Drawing on data provided by OpenSecrets, Sanbonmatsu found that between 2019-2022, statewide races other than gubernatorials saw the highest percentage of contributions from women (48 percent).
But when broken down by the percentage of total money raised from donors, that number fell to 31 percent from female contributors. In other words, female donors are giving less frequently and in smaller amounts than men.
What’s more striking is that the percentage of donors to “other statewide races” wasn’t higher in 2022 states considered “abortion battlegrounds.” In fact, Michigan and Wisconsin, which had the highest level of female donor participation in these types of races, only saw 43 percent of the statewide campaigns’ total contributions come from women.
Sanbonmatsu believes this inequity in giving is partly a result of the strategy of campaigns.
“I know that when we think about who is mobilized to turn out to vote, the parties and candidates will look at who voted last time,” she said. “So to the extent that fundraisers are looking at donor lists from last time, you’re going to be less likely to see women on those lists. And so I think that there is some inertia there.”

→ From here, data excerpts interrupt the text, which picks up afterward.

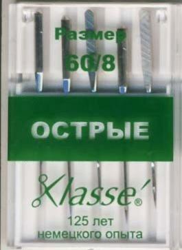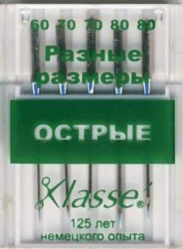 Иглы Klasse (Классе) - это старинная немецкая марка, которая имеет за плечами 125 лет опыта по производству машинных игл. Острые (K5) - идеально подходят для шелка, тканей с микрофиброй и других плотно тканых материалов. Острый кончик разработан для совершенно прямых стежков в отстрочке и в обработке петель.Доступные размеры: 60-8, 70-10, 80-12, 90-14 и наборы разных размеров. Количество игл: 5 шт.Набор (арт.A6135-MIX): N60-1шт, N70-2шт,N80-2шт.
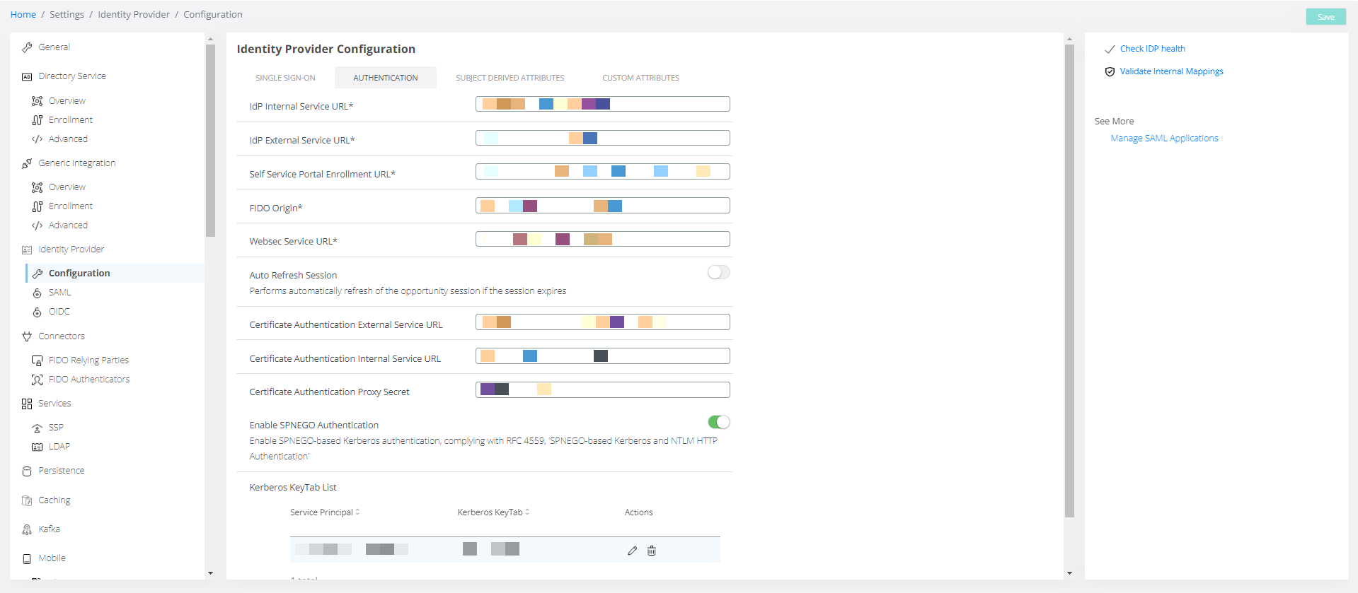 Session Timeout | The idle time for the IdP session. The value must be at least as long as the Authentication Default Lifetime. | PT24h |
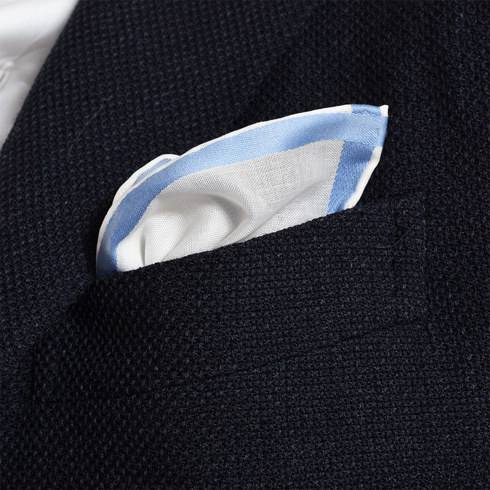 まず、チーフの大きさが良いですね。コットン素材で大きくなると胸ポケットにボリュームが出過ぎてしまうので、これくらいの大きさが◎

The economy could also be a factor — at least in the current environment where small-dollar donations are getting harder to wrangle. In 2022, for instance, the pay gap between men and women was still significant, with women earning 82 percent of what men earned, according to a Pew Research Center analysis.
“We know that women earn less, that they command less wealth, and I think that that means they have less income to give to politics,” said Sanbonmatsu. “So if there’s a gender gap in pay, if there are gender differences in wealth, then those are going to have implications for who can contribute and whose voices are heard ultimately in our system.”
Still, the CAWP report isn’t all doom and gloom. At the state level from ’19-’22, the proportion of top fundraising candidates in mixed-gender, non-incumbent primaries who were women was 51 percent for Republicans and 52 percent for Democrats.
For Republican women, that’s an even more significant accomplishment because women make up a smaller percentage of female, state-level legislative politicians. To wit, the report notes that 34 percent of all women state legislators are Republicans and 66 percent are Democrats. Moreover, only 4 in 26 Republican governors are female.
This is noteworthy because the report found that female donors are more likely to give to female candidates — in both parties.
Now, part of the solution to finding more female donors, according to Sanbonmatsu, is to “elevate giving to the same status as voting.”
“In terms of messaging, in terms of trying to persuade women to get involved in this way, I think it’s important to demonstrate that giving is part of politics just as voting is,” she said. “One of the reasons why women might become more interested in giving is when we connect who gives and who runs.
“So we know that we can cast ballots for candidates who are running, but how do those candidates get on the ballot [in the first place] so that we can [vote] for them? They need resources. And so I think helping connect in the eyes of potential donors the relationship between resources and candidacy” is important.
She added: “We know that women don’t always run because they lack the resources. So I think that when women have preferences about who should run, who’d be a good leader, those people need support early on. And part of that is financial.”
Some other successful strategies include giving circles and female giving networks to drive donations to female candidates.
“I think that it is something that could benefit women candidates broadly,” she said.